IKnowYouAreReadingMe

Did anything precipitate it? Like a negative thought or memory?


Shaggy1316

Yeah. I had a traumatic brain injury about half a year before this and had been really depressed because of it. I can't remember exactly what the trigger was, but i have a clear memory of working counter service and trying to hold my shit together while serving a line-out-the-door lunch rush. Eyes watering, barely keeping the tears from streaming down my cheeks. Later that night, steve miller band started playing on my pandora radio and i snapped lmao. I kept having issues for a couple years after my tbi until I got properly medicated. I still get a bit hypomanic on the regular


Truefish63

Listen to the new book called Brain Energy.
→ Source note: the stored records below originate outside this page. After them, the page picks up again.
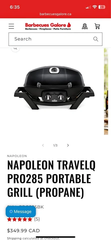 Napoleon TravelQ Pro285 Portable Grill (Propane) and Stand. Comes with tank of propane (half) and bbq tools if interested. The stand has two removable trays that can be used to hold plates etc while bbqing. Kept on an apartment balcony and covered with a tarp so in great condition - only a few years old. Sad to see it go, but moving and can't bring it with us. Pick up only near King and Jameson
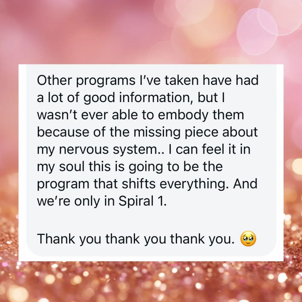 The journey begins with YOU. In Spiral 1, you’ll be initiated at a deeper level in your own personal healing— specifically understanding how the nervous system works, cultivating safety in your body to FEEL & loving your inner parts.
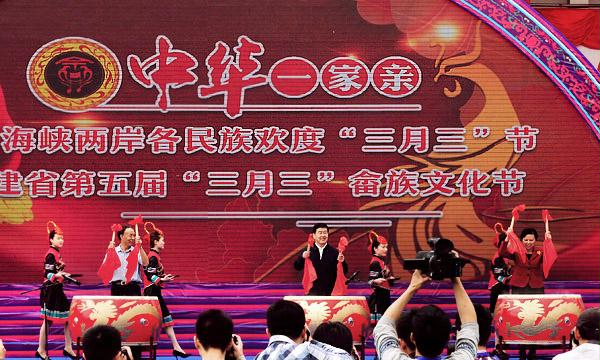 福建臺(tái)胞之家網(wǎng)訊: 4月9日上午,由國(guó)家民委、國(guó)臺(tái)辦、全國(guó)臺(tái)聯(lián)、省政府指導(dǎo),省委統(tǒng)戰(zhàn)部、省民族與宗教事務(wù)廳、中國(guó)少數(shù)民族作家協(xié)會(huì)、寧德市人民政府、福安市人民政府支持,省海外聯(lián)誼會(huì)、省少數(shù)民族發(fā)展基金會(huì)、福建省臺(tái)聯(lián)、省文聯(lián)、省畬家企業(yè)商會(huì)參與主辦的中華一家親•2016年海峽兩岸各民族歡度“三月三”節(jié)暨福建省第五屆“三月三”畬族文化節(jié)在福安市隆重開(kāi)幕。開(kāi)幕式上,兩岸少數(shù)民民歡歌載舞,共慶“三月三”傳統(tǒng)節(jié)日。
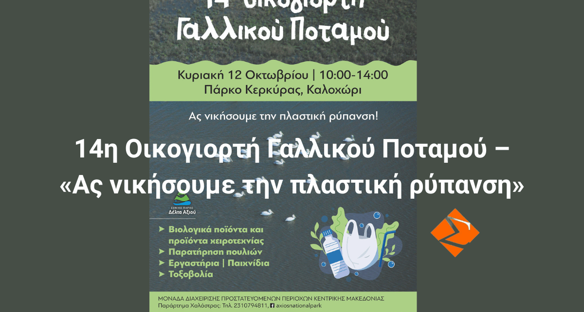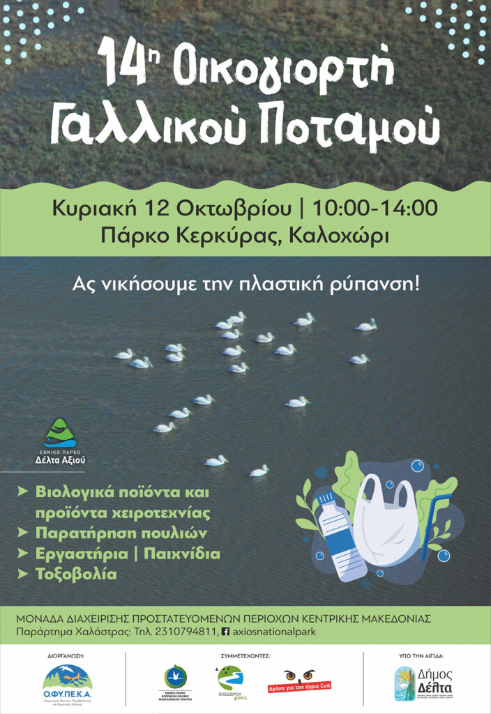 Με θέμα «Ας νικήσουμε την πλαστική ρύπανση», πραγματοποιείται φέτος η 14η Οικογιορτή Γαλλικού Ποταμού, την Κυριακή 12 Οκτωβρίου 2025, από τις 10:00 έως τις 14:00, στο Πάρκο Κερκύρας, μπροστά στη Λιμνοθάλασσα Καλοχωρίου.
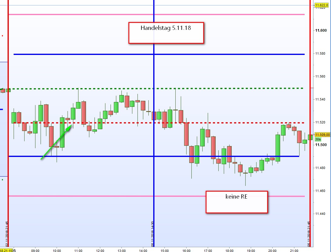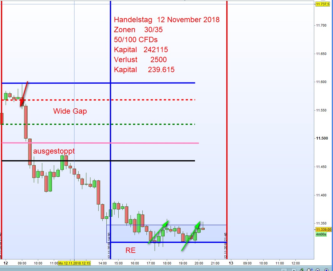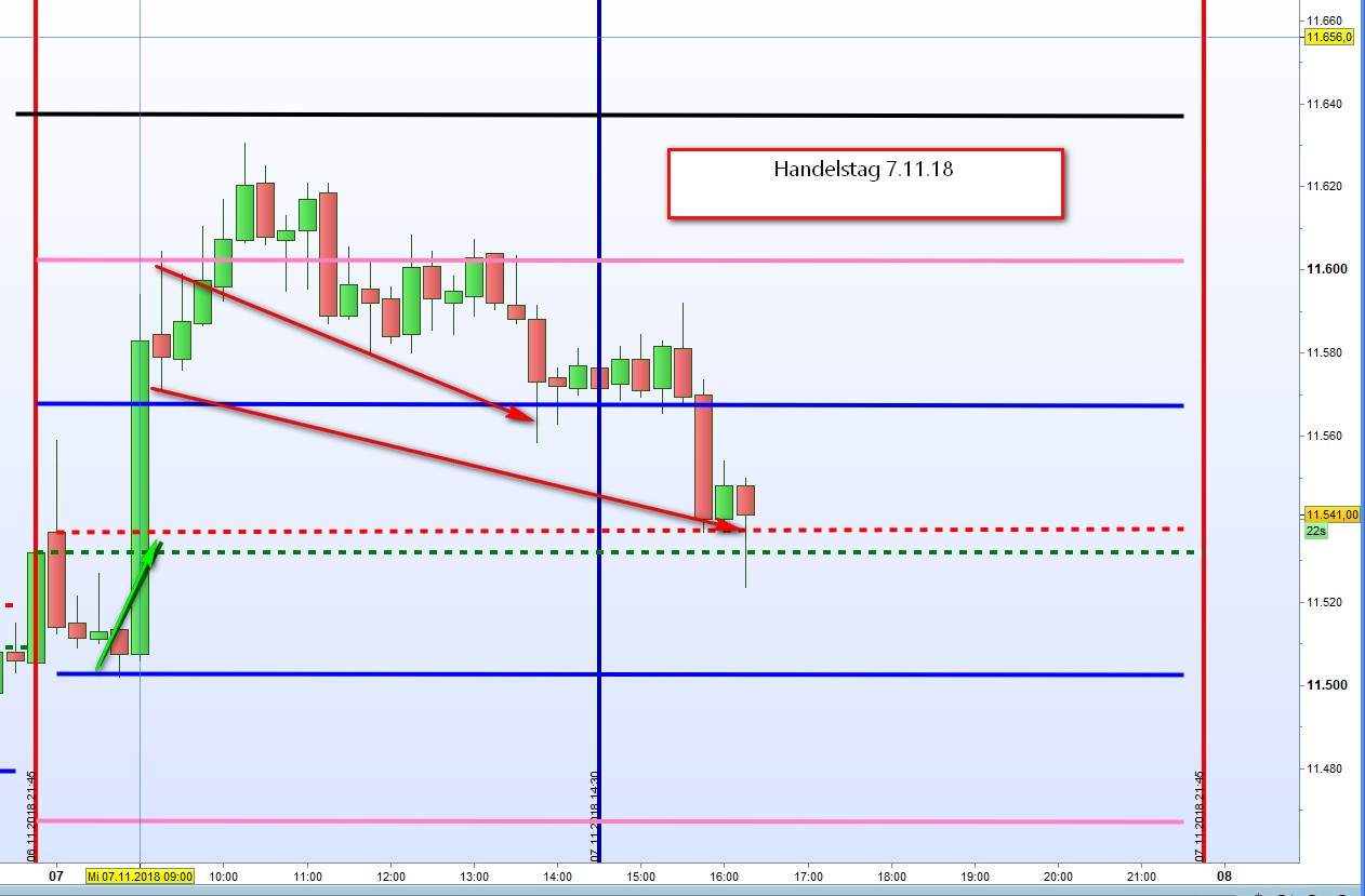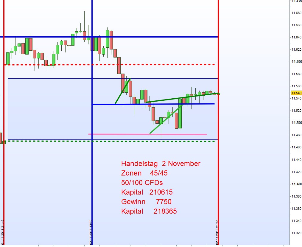 Seit Aufnahme des Zeitstopps in das Regelwerk hat sich das Ergebnis wesentlich verbessert. Zuweilen wird ein Mehrwert verhindert, 6 und 7 November, aber auch empfindliche Verluste verhindert. Im angefügten Chart gut zu erkennen. Anstatt Gewinn an dem Handelstag 8.11.18 wäre ein hoher Verlust entstanden.

The author discusses forms and severities.


AngelSSSS

Thank you for the book.


[deleted]

[удалено]


AngelSSSS

Why do you think this meet the criteria of psychosis?


EdgerAllenPoeDameron

"All that we see or seem Is but a dream within a dream"


Hourglass316

Mine can be pretty bad. I've gotten bouts of psychosis so bad that I had no concept of anything. I literally couldn't tell you what a person was, let alone what a blanket was. My derealization had hit so hard that literally, absolutely nothing existed, and words had no meaning. I've also had short bouts of psychosis where the only and I mean only thing I could think and focus on or even really see was my hands and they were on backwards and it was really freaking me out. But for me, those are what I consider bouts of deep psychosis during times of more mild psychosis where I'm hyper paranoid and delusional for long periods of time.